Records from a collection>
/---
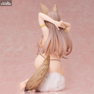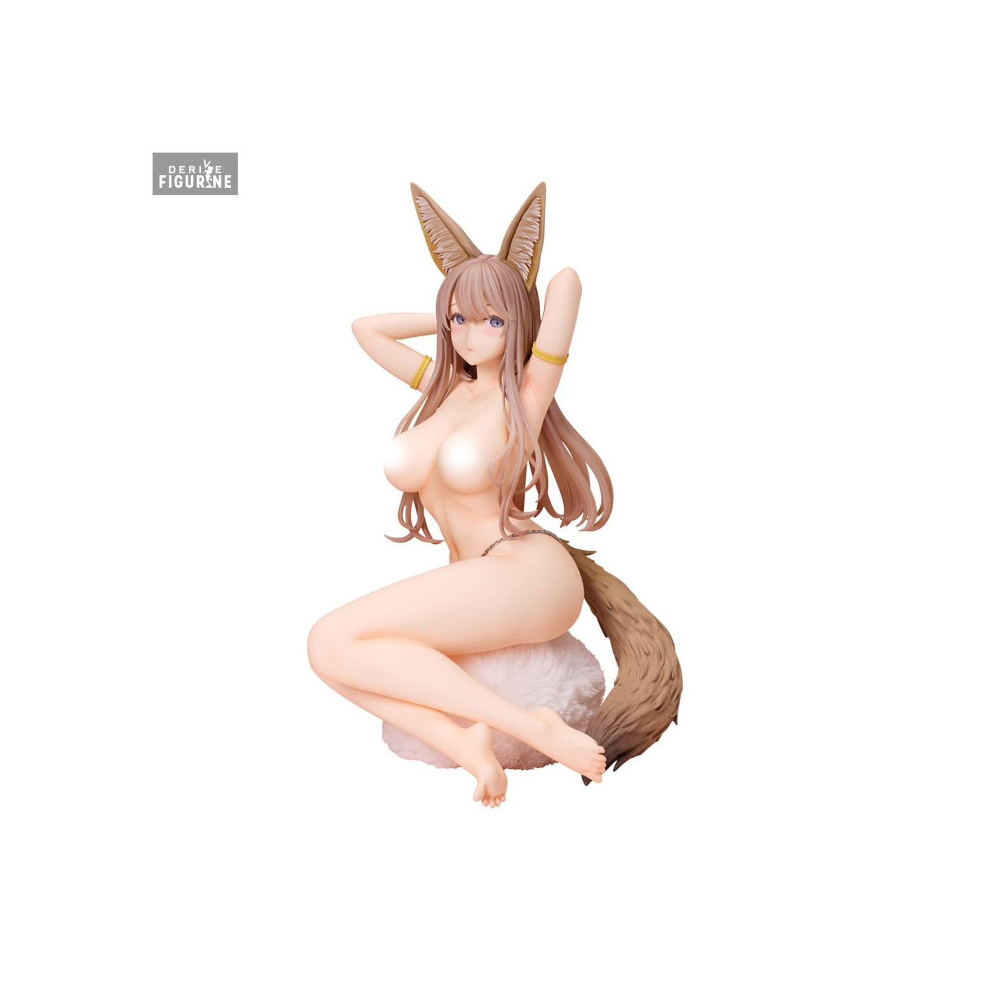 Laura est représentée dans une pose assise gracieuse, accentuant ses courbes élégantes et sa beauté naturelle. Elle porte des oreilles et une queue de renard, ajoutant une touche de mystère et de fantaisie à son apparence. Les détails des oreilles et de la queue sont finement sculptés, avec des textures réalistes qui captivent le regard. Sa longue chevelure blonde est soigneusement reproduite, chaque mèche étant sculptée avec précision pour donner une impression de mouvement et de fluidité.
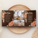 Burnt Orange Floral Photo Collage Wood Wedding Tri-Fold Invitation
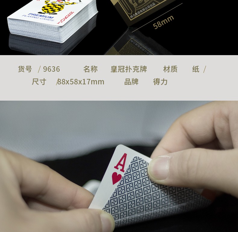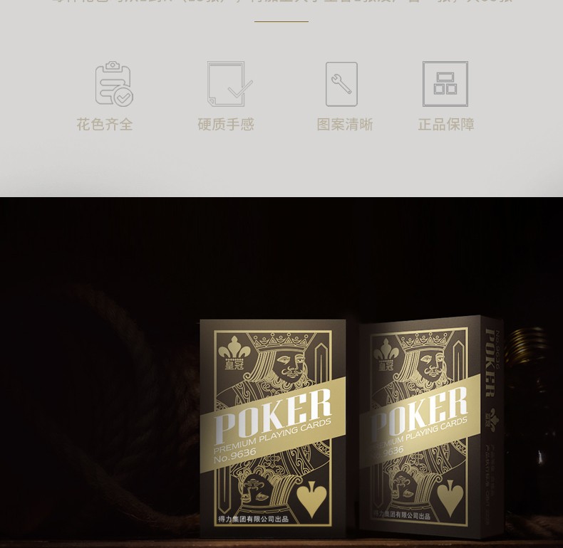 - 商品名称:得力扑克皇冠扑克牌创意加厚经济耐用桥牌聚会游戏牌扑克牌家用 4副(金色)
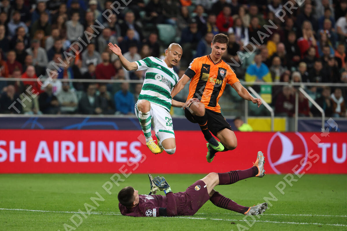 Celtic's Daizen Maeda, left, and Shakhtar's Valeriy Bondar jump over Shakhtar's goalkeeper Oleksiy Shevchenko during a Champions League group F soccer match between Shakhtar Donetsk and Celtic at Wojska Polskiego stadium, in Warsaw, Poland, Wednesday Sept. 14, 2022. (AP Photo/Michal Dyjuk)
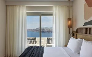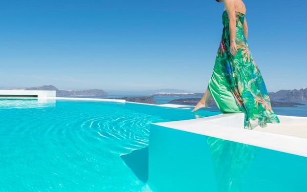 Недавно отремонтированный комплекс апартаментов Apanemo, из которого открывается вид на кальдеру, вулкан и синее Эгейское море, оформлен в традиционном загородном стиле.
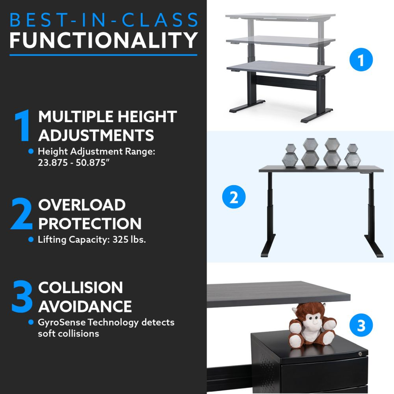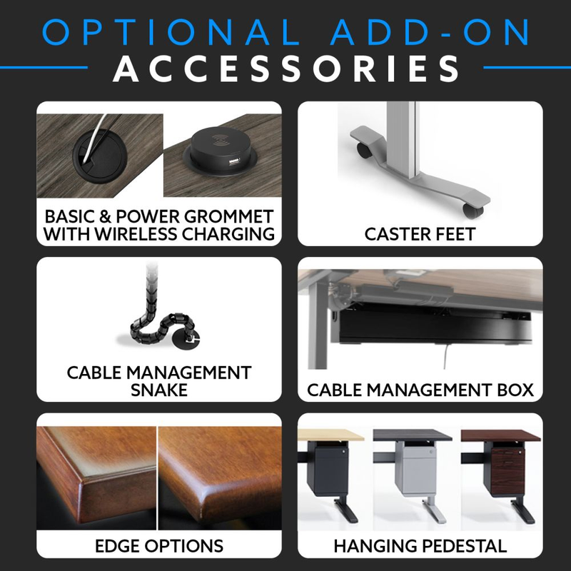 Also made of extruded aluminum, the XT’s cross support ensures this standing desk is the most stable on the market. By adding the cross support option your desk will have absolutely zero |
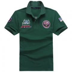 綠色男士短袖翻領POLO衫 時尚繡花圖案
\---
What the task asks> Taking each record in turn, retype it exactly and drop any picture.

Solved problem>
 Laura est représentée dans une pose assise gracieuse, accentuant ses courbes élégantes et sa beauté naturelle. Elle porte des oreilles et une queue de renard, ajoutant une touche de mystère et de fantaisie à son apparence. Les détails des oreilles et de la queue sont finement sculptés, avec des textures réalistes qui captivent le regard. Sa longue chevelure blonde est soigneusement reproduite, chaque mèche étant sculptée avec précision pour donner une impression de mouvement et de fluidité.
 Burnt Orange Floral Photo Collage Wood Wedding Tri-Fold Invitation
 - 商品名称:得力扑克皇冠扑克牌创意加厚经济耐用桥牌聚会游戏牌扑克牌家用 4副(金色)
 Celtic's Daizen Maeda, left, and Shakhtar's Valeriy Bondar jump over Shakhtar's goalkeeper Oleksiy Shevchenko during a Champions League group F soccer match between Shakhtar Donetsk and Celtic at Wojska Polskiego stadium, in Warsaw, Poland, Wednesday Sept. 14, 2022. (AP Photo/Michal Dyjuk)
 Недавно отремонтированный комплекс апартаментов Apanemo, из которого открывается вид на кальдеру, вулкан и синее Эгейское море, оформлен в традиционном загородном стиле.
 Also made of extruded aluminum, the XT’s cross support ensures this standing desk is the most stable on the market. By adding the cross support option your desk will have absolutely zero |
 綠色男士短袖翻領POLO衫 時尚繡花圖案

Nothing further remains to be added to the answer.